DAOs just assume that retail investors naturally don’t operate by the same “profit maximization” logic as venture funds and “typical shareholders” while proposing absolutely no evidence, conceputal or empirical, as to why they wouldn’t. And the fact is it’s been proven times and times again that, provided with same incentive and structures, they do tend to act exactly the same (if not worse).

All the article does, more or less, is marvel at the fact DAOs are getting money and coop don’t. But it never explains how implementing coop logic (and by logic I mean the laws that make coop worthwhile to being with) into DAOs could avoid making those DAOs… Just as uninteresting to fund as coop for exactly the same reason.
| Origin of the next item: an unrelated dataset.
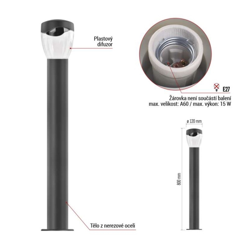 barva: antracit|barva světla: –|dosah PIR senzoru: –|energetická třída použitého světelného zdroje: –|fotovoltaický článek: ne|frekvence: 50/60 Hz|index podání barev (CRI): –|kategorie: CLASSIC|krytí: IP44|materiál: nerezová ocel|materiál difuzoru: plast|napájení: 230 V AC|napětí: 220-240 V~|patice (uchycení žárovky): E27|PIR senzor: ne|příkon: –|prodejní obal: 1 ks, krabička|řada: ARTEO|rozměr: 120 × 120 × 800 mm|rozsah pracovní teploty: -20 ~ +40 °C|soumrakový spínač: ne|světelný tok: –|teplota chromatičnosti: –|vestavěný vypínač: ne|žárovka součástí balení: ne|zdroj světla: –|životnost: –
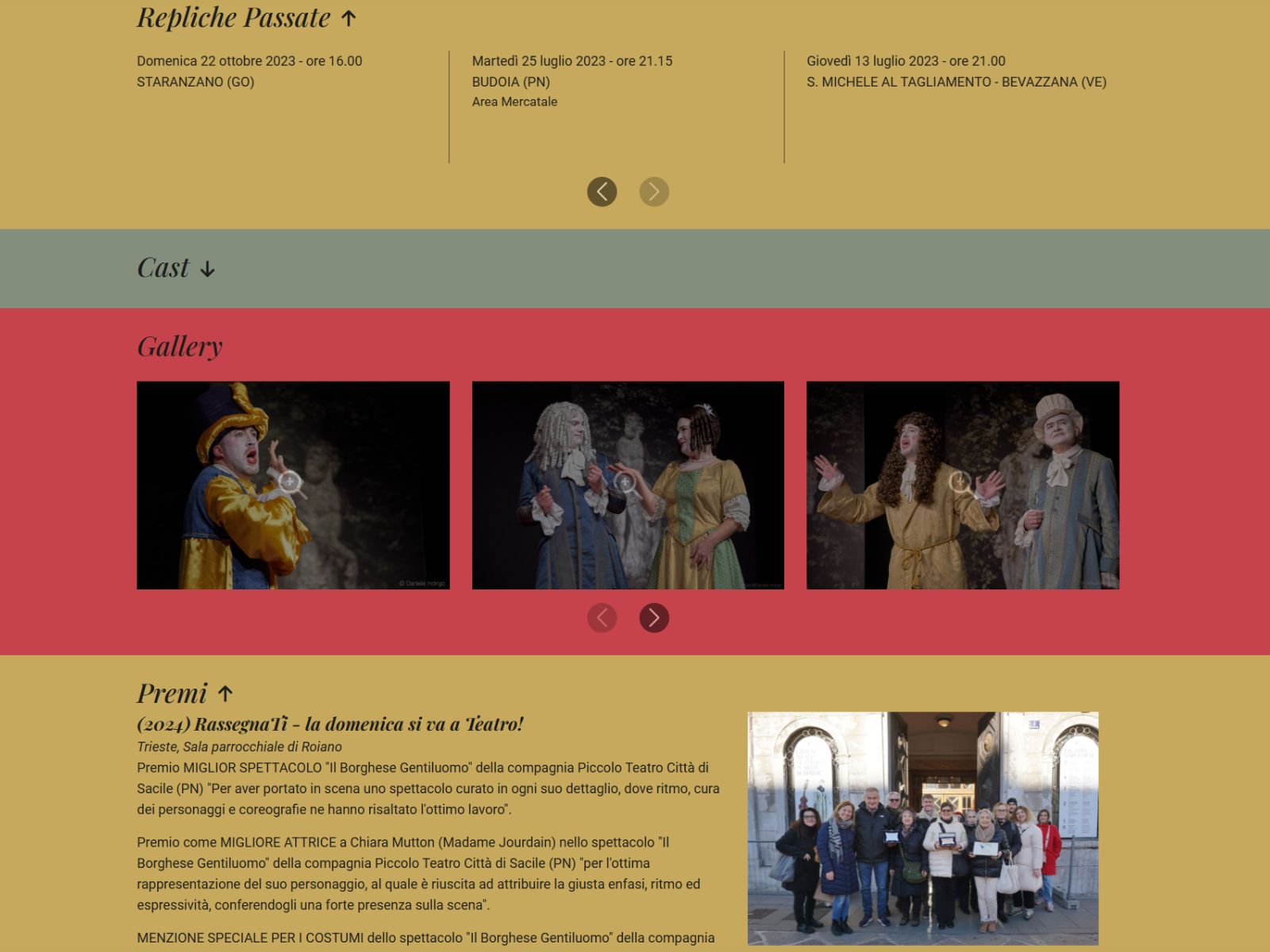 Il sito ospita, inoltre, una sezione specifica dedicata alle Rassegne teatrali, comprese quelle realizzate in collaborazione con altre compagnie teatrali, realtà locali o reti regionali. Questa sezione offre una panoramica sulle progettualità condivise e le sinergie artistiche che animano la scena teatrale del territorio, contribuendo a costruire un racconto collettivo della cultura performativa locale.

The problem here is this is telling us both models are capable to “blend” but it never tells us the most crucial point, which it briefly mentions and then ditch :

How do you go from one token one vote to one person one vote without making your structure unattractive to investors? Similarly, how would retail investors who put in a lot of money in a DAO would feel about a proposition to make their investment worthless in terms of voting power, and worth a lot less in terms of potential future revenues for the biggest shareholders? It just asks us to believe that it would happen because these are good project funded by good people, basically. So these kind of expectations are typically current capitalism.

It’s not the first person to get excited looking at the money flowing into cryptocurrency/DAO/NFTs and basically trying to shoehorn it into a co-op without acknowledging the basic reasons why both don’t coexist so well.

The reason for that is definitely not that no one thought about it.